### TO DO
Nothing but the lines from the start of the data through the line with "Czy pamiętasz „Mamma" should appear in the answer, each retyped exactly, and pictures should not.

### DATASET RECORDS
++++++++++++++++++++

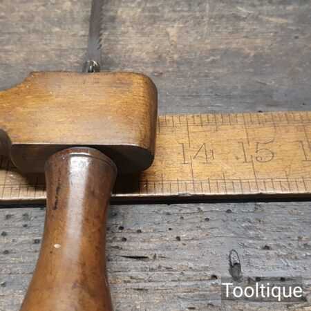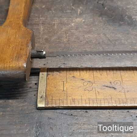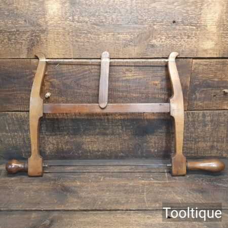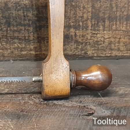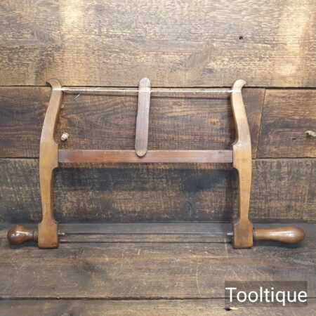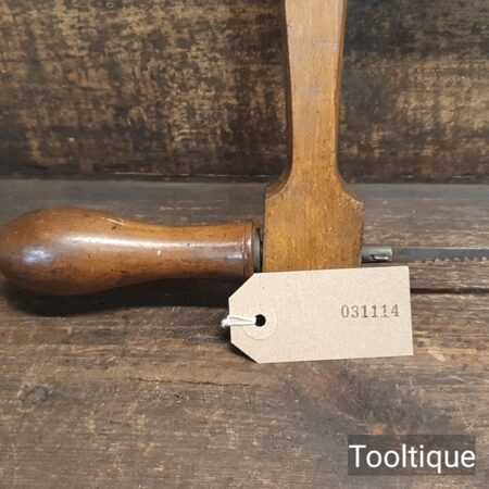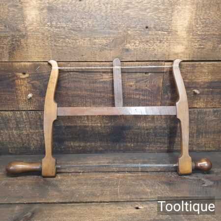 Vintage 13” beechwood bow saw with a 6 tpi blade sharpened and restrung ready for use and in good used condition.
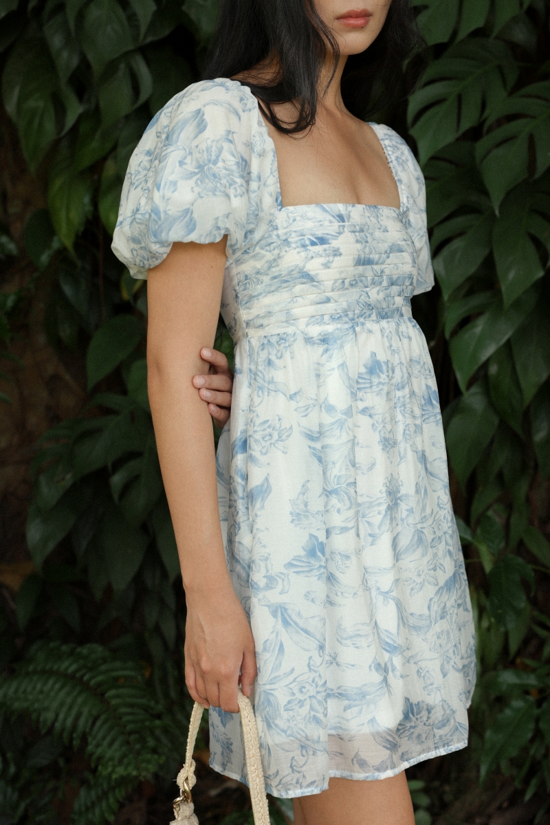 BOTANICAL PADDED FLORAL PLEATED BUBBLE SLEEVE BABYDOLL SKORTS DRESS
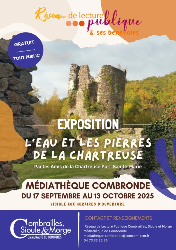Le Réseau de Lecture Publique de la communauté de communes Combrailles, Sioule et Morge vous invite à découvrir L’Eau et les Pierres de la Chartreuse, une exposition des œuvres du concours 2024. Cette exposition sera visible du 17 septembre au 13 octobre 2025, aux horaires d’ouverture de la médiathèque de Combronde. A travers les œuvres d’artistes amateurs, venez découvrir le cadre naturel de la Chartreuse où faune et flore lui donnent aujourd’hui son caractère si singulier. Renseignements
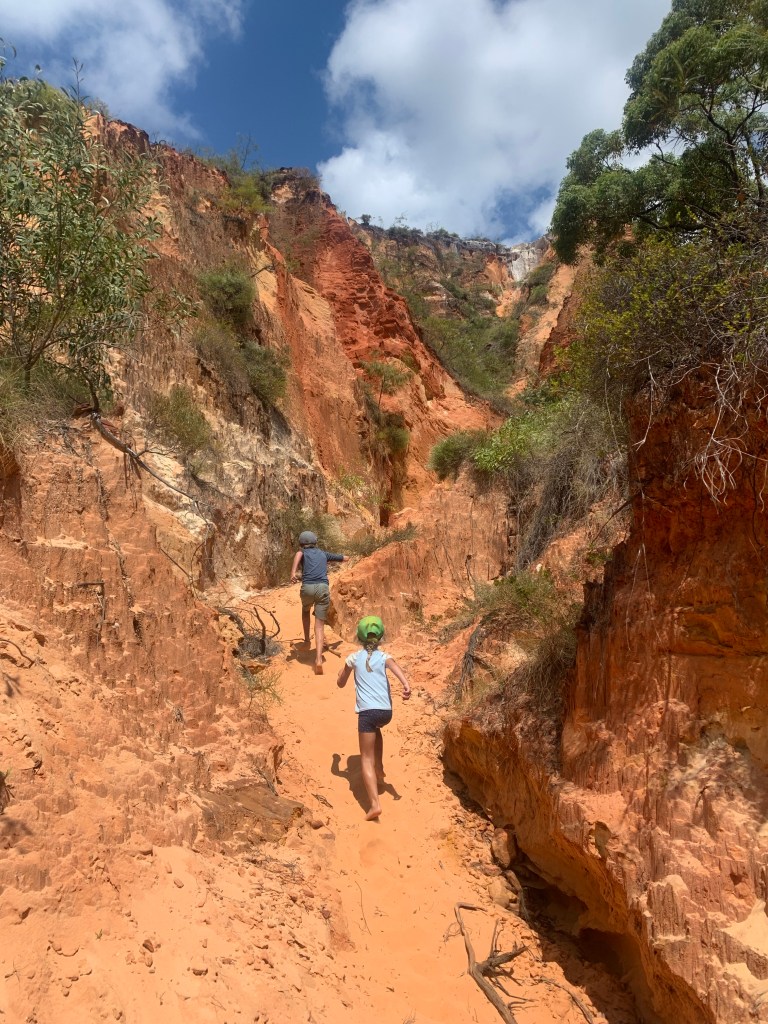 The area around Elim Beach is known for its coloured sands. The owner of the campground was pretty relaxed on his description of the ‘walk’ and noting we were walking on sand, we set off barefoot. Pretty soon into the walk we realised that was a mistake – the sand was so hot! We managed to hope between shady spots and quickly worked out which colour of sand was the coolest. Either way, the temperature of the sand kept us loving pretty fast up the dunes.
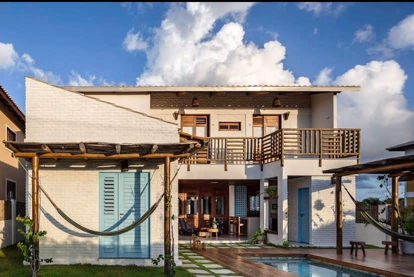 Czy pamiętasz „Mamma Mia!” i „Przed północą” z bielonymi domami o kwadratowym wyglądzie, z jasnoniebieskim dachem, drzwiami i oknami nad morzem? To dom z grecką architekturą na brazylijskim wybrzeżu. Przytulna przestrzeń z 4 apartamentami z łóżkiem typu super king-size, kuchnią, salonem, klimatyzacją, umeblowane. Znajdują się tu 3 apartamenty o powierzchni 18 m2 i 1 apartament o powierzchni 27 m2, z panoramiczną wanną i przyjemnym balkonem, wszystkie 1 minutę od piasku na plaży, w raju o nazwie Flecheiras.
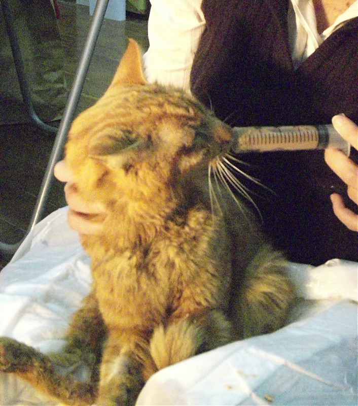 Παιδια.. με το που τον αγγιξα δειλα-δειλα στην αρχη ξεδιπλωθηκε αυτος ο υπεροχος γαταρος, "ζυμωσε" με τα χερακια του τριγυρω και αρχισε να γουργουριζει σε σημειο που ακουγοταν ως το διπλανο δωματιο!! Το γατακι εχει απιστευτη θεληση να ζησει και τρομερη αναγκη απο περιποιηση, χαδακια και γλυκα λογια.... Λειψαμε για λιγο γιατι πηγαμε να δουμε τα 'εσπεριδοειδη' και οταν ξαναγυρισαμε ο Αλλαντινακος ηταν καθιστος σχεδον και περιμενε νεα δοση χαδιων!!!
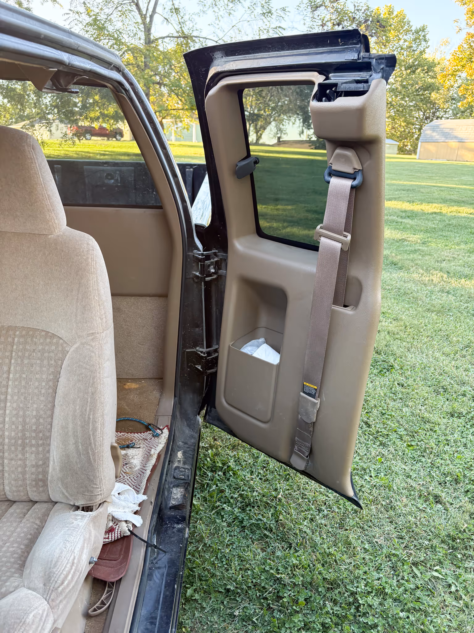 LAWN & GARDEN, TOOLS: JD X300 riding mower, new battery, nice mower * JD lawn sweep * Lawn cart * garden tiller, gas powered *chainsaw, used once * Jumper cables * Shop vac * Pet taxi * New life jackets * Ext ladder * Air tank * Misc tools
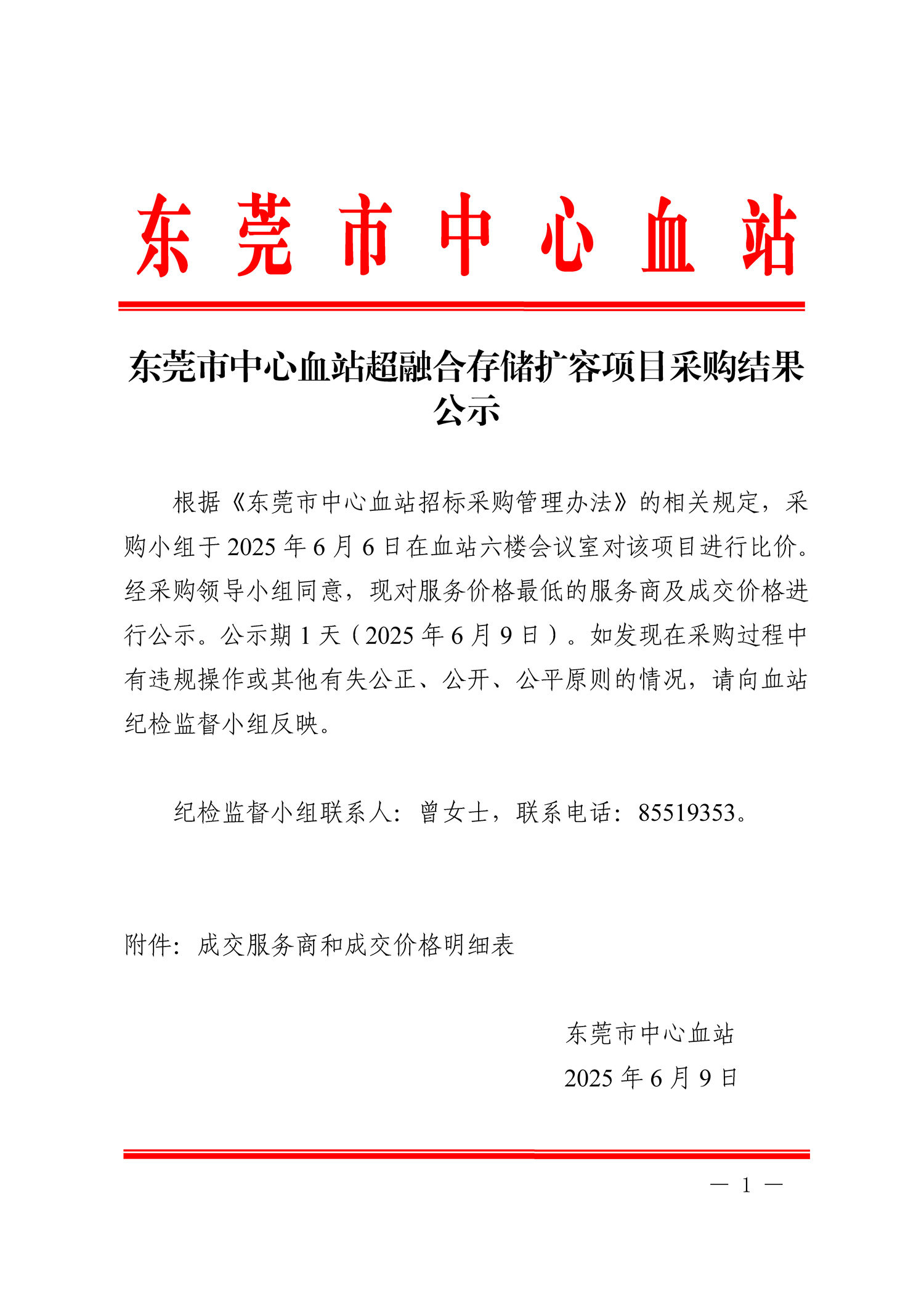 东莞市中心血站超融合存储扩容项目采购结果公示
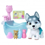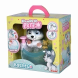 Descoperă lumea distracţiei cu Căţeluşul Husky Pamper Petz în cadă. Acest prieten canin adorabil le oferă copiilor multe ore de joacă, în care pot avea grijă de animalele lor de companie, să le spele și să le îngrijească ca pe animale reale.

++++++++++++++++++++

### FINAL ANSWER
 Vintage 13” beechwood bow saw with a 6 tpi blade sharpened and restrung ready for use and in good used condition.
 BOTANICAL PADDED FLORAL PLEATED BUBBLE SLEEVE BABYDOLL SKORTS DRESS
Le Réseau de Lecture Publique de la communauté de communes Combrailles, Sioule et Morge vous invite à découvrir L’Eau et les Pierres de la Chartreuse, une exposition des œuvres du concours 2024. Cette exposition sera visible du 17 septembre au 13 octobre 2025, aux horaires d’ouverture de la médiathèque de Combronde. A travers les œuvres d’artistes amateurs, venez découvrir le cadre naturel de la Chartreuse où faune et flore lui donnent aujourd’hui son caractère si singulier. Renseignements
 The area around Elim Beach is known for its coloured sands. The owner of the campground was pretty relaxed on his description of the ‘walk’ and noting we were walking on sand, we set off barefoot. Pretty soon into the walk we realised that was a mistake – the sand was so hot! We managed to hope between shady spots and quickly worked out which colour of sand was the coolest. Either way, the temperature of the sand kept us loving pretty fast up the dunes.
 Czy pamiętasz „Mamma Mia!” i „Przed północą” z bielonymi domami o kwadratowym wyglądzie, z jasnoniebieskim dachem, drzwiami i oknami nad morzem? To dom z grecką architekturą na brazylijskim wybrzeżu. Przytulna przestrzeń z 4 apartamentami z łóżkiem typu super king-size, kuchnią, salonem, klimatyzacją, umeblowane. Znajdują się tu 3 apartamenty o powierzchni 18 m2 i 1 apartament o powierzchni 27 m2, z panoramiczną wanną i przyjemnym balkonem, wszystkie 1 minutę od piasku na plaży, w raju o nazwie Flecheiras.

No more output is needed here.